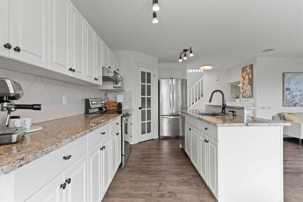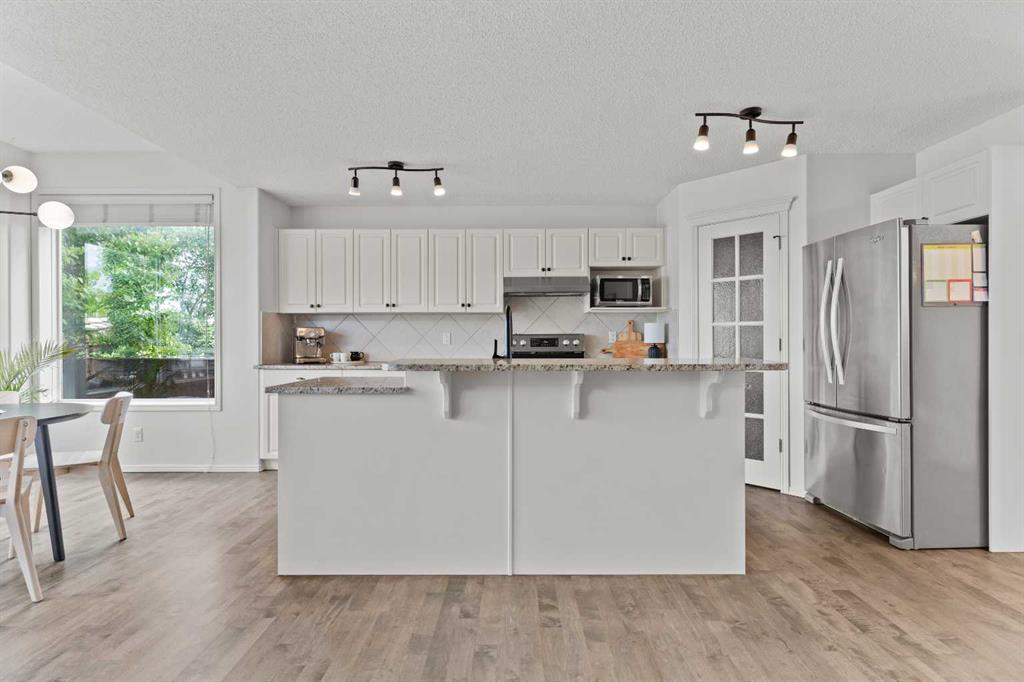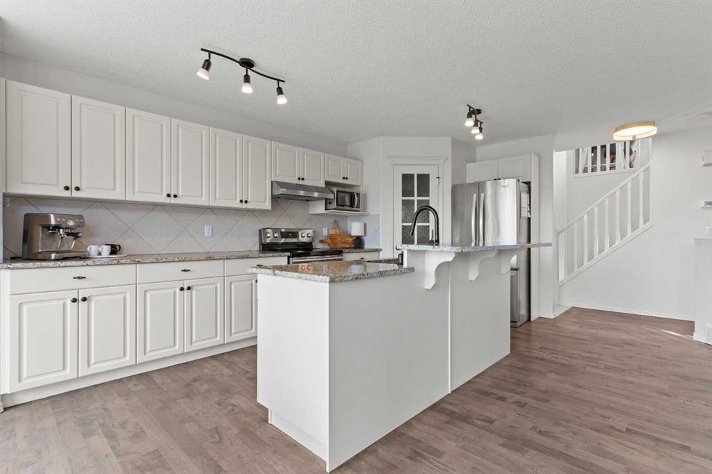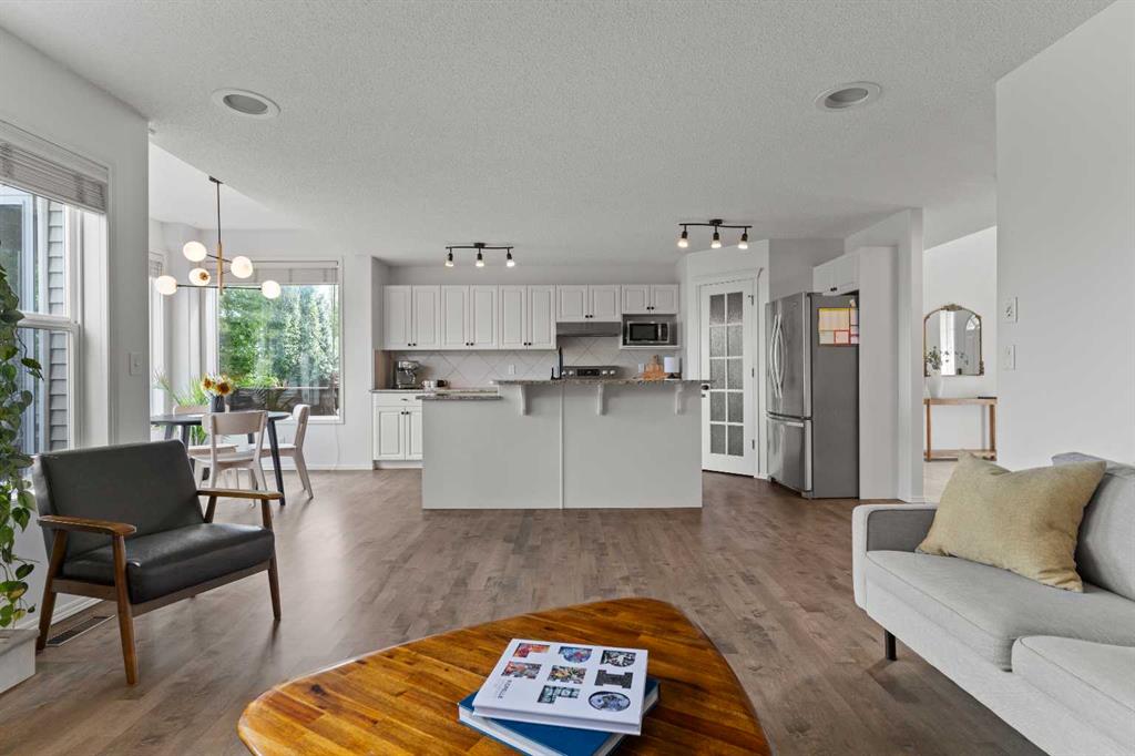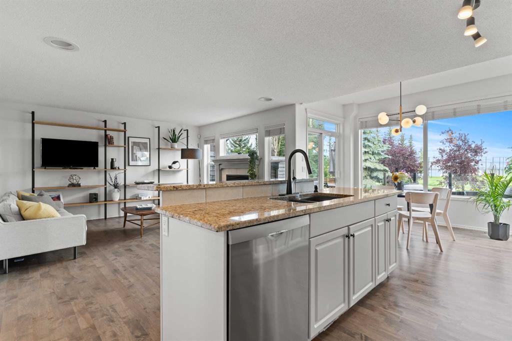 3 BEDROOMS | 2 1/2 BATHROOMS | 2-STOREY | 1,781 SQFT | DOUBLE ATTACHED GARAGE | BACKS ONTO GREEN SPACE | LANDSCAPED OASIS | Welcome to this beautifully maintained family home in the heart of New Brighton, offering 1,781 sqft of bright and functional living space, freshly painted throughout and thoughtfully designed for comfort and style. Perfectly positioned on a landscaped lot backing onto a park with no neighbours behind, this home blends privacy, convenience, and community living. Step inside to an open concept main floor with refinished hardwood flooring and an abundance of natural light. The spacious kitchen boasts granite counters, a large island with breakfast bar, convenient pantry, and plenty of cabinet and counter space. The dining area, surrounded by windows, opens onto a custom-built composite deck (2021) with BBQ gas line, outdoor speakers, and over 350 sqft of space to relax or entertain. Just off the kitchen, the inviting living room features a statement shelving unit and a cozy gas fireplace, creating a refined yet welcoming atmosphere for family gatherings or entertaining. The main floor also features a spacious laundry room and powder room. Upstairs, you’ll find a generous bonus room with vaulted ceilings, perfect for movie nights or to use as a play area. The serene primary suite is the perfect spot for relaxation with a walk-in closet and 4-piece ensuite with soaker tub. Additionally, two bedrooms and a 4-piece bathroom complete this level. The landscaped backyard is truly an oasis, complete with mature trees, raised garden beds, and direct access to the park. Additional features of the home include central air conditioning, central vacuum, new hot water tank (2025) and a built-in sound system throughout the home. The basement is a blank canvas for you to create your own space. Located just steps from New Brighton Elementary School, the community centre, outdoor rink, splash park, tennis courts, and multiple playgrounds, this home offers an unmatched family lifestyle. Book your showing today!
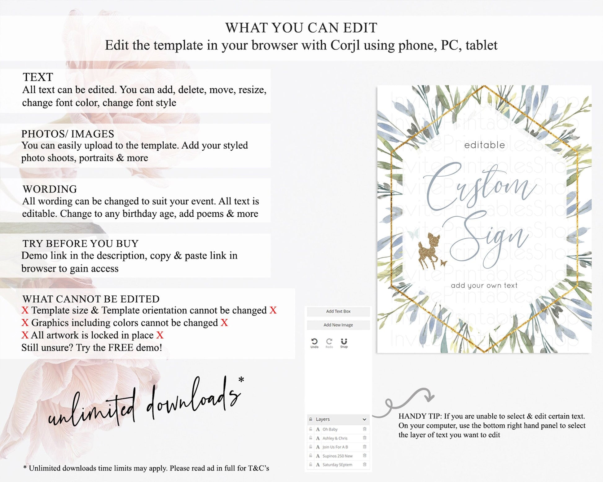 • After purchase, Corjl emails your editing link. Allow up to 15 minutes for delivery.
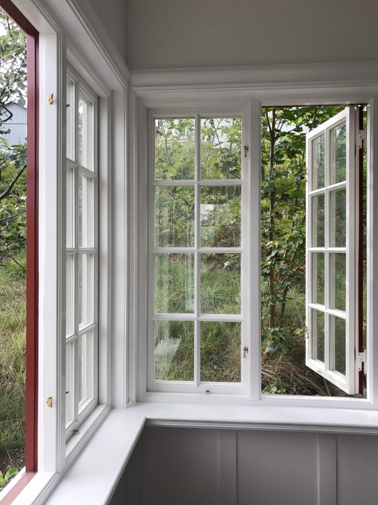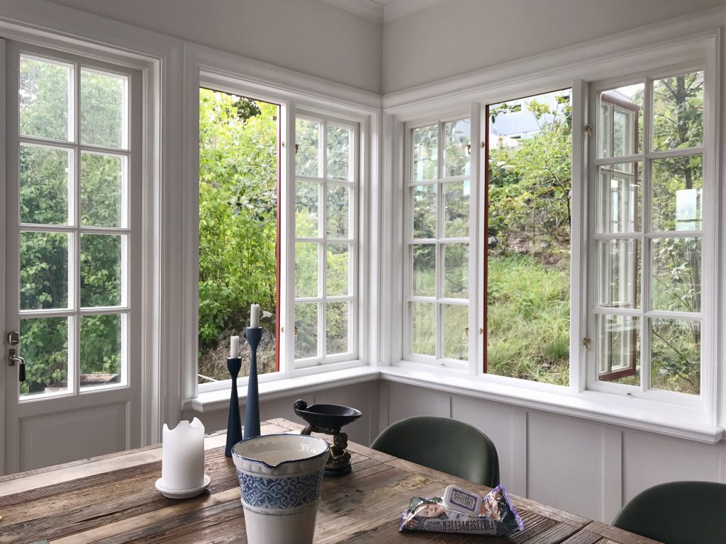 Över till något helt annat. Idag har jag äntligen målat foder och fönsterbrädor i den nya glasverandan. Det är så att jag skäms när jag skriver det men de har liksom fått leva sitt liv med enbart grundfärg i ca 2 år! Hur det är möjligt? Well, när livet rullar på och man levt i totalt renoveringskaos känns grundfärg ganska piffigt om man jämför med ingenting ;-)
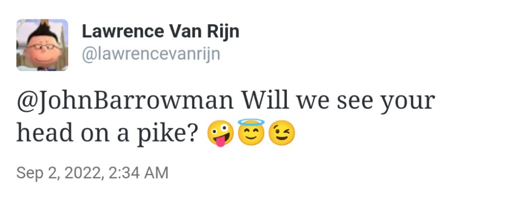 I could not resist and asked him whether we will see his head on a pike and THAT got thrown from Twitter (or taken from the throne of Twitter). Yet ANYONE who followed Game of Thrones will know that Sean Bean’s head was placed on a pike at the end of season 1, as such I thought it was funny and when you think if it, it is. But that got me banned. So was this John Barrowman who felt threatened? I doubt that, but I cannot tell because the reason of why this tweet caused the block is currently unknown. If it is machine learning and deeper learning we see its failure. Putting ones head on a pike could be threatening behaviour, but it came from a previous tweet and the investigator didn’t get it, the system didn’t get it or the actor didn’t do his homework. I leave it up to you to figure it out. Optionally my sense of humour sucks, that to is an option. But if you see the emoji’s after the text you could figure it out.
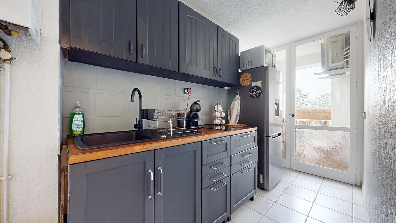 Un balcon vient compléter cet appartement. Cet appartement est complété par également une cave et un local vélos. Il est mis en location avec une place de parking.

..........

WORK INSTRUCTIONS:
Retype every entry verbatim and exclude the pictures from the copy.

RESPONSE:
 3 BEDROOMS | 2 1/2 BATHROOMS | 2-STOREY | 1,781 SQFT | DOUBLE ATTACHED GARAGE | BACKS ONTO GREEN SPACE | LANDSCAPED OASIS | Welcome to this beautifully maintained family home in the heart of New Brighton, offering 1,781 sqft of bright and functional living space, freshly painted throughout and thoughtfully designed for comfort and style. Perfectly positioned on a landscaped lot backing onto a park with no neighbours behind, this home blends privacy, convenience, and community living. Step inside to an open concept main floor with refinished hardwood flooring and an abundance of natural light. The spacious kitchen boasts granite counters, a large island with breakfast bar, convenient pantry, and plenty of cabinet and counter space. The dining area, surrounded by windows, opens onto a custom-built composite deck (2021) with BBQ gas line, outdoor speakers, and over 350 sqft of space to relax or entertain. Just off the kitchen, the inviting living room features a statement shelving unit and a cozy gas fireplace, creating a refined yet welcoming atmosphere for family gatherings or entertaining. The main floor also features a spacious laundry room and powder room. Upstairs, you’ll find a generous bonus room with vaulted ceilings, perfect for movie nights or to use as a play area. The serene primary suite is the perfect spot for relaxation with a walk-in closet and 4-piece ensuite with soaker tub. Additionally, two bedrooms and a 4-piece bathroom complete this level. The landscaped backyard is truly an oasis, complete with mature trees, raised garden beds, and direct access to the park. Additional features of the home include central air conditioning, central vacuum, new hot water tank (2025) and a built-in sound system throughout the home. The basement is a blank canvas for you to create your own space. Located just steps from New Brighton Elementary School, the community centre, outdoor rink, splash park, tennis courts, and multiple playgrounds, this home offers an unmatched family lifestyle. Book your showing today!
 • After purchase, Corjl emails your editing link. Allow up to 15 minutes for delivery.
 Över till något helt annat. Idag har jag äntligen målat foder och fönsterbrädor i den nya glasverandan. Det är så att jag skäms när jag skriver det men de har liksom fått leva sitt liv med enbart grundfärg i ca 2 år! Hur det är möjligt? Well, när livet rullar på och man levt i totalt renoveringskaos känns grundfärg ganska piffigt om man jämför med ingenting ;-)
 I could not resist and asked him whether we will see his head on a pike and THAT got thrown from Twitter (or taken from the throne of Twitter). Yet ANYONE who followed Game of Thrones will know that Sean Bean’s head was placed on a pike at the end of season 1, as such I thought it was funny and when you think if it, it is. But that got me banned. So was this John Barrowman who felt threatened? I doubt that, but I cannot tell because the reason of why this tweet caused the block is currently unknown. If it is machine learning and deeper learning we see its failure. Putting ones head on a pike could be threatening behaviour, but it came from a previous tweet and the investigator didn’t get it, the system didn’t get it or the actor didn’t do his homework. I leave it up to you to figure it out. Optionally my sense of humour sucks, that to is an option. But if you see the emoji’s after the text you could figure it out.
 Un balcon vient compléter cet appartement. Cet appartement est complété par également une cave et un local vélos. Il est mis en location avec une place de parking.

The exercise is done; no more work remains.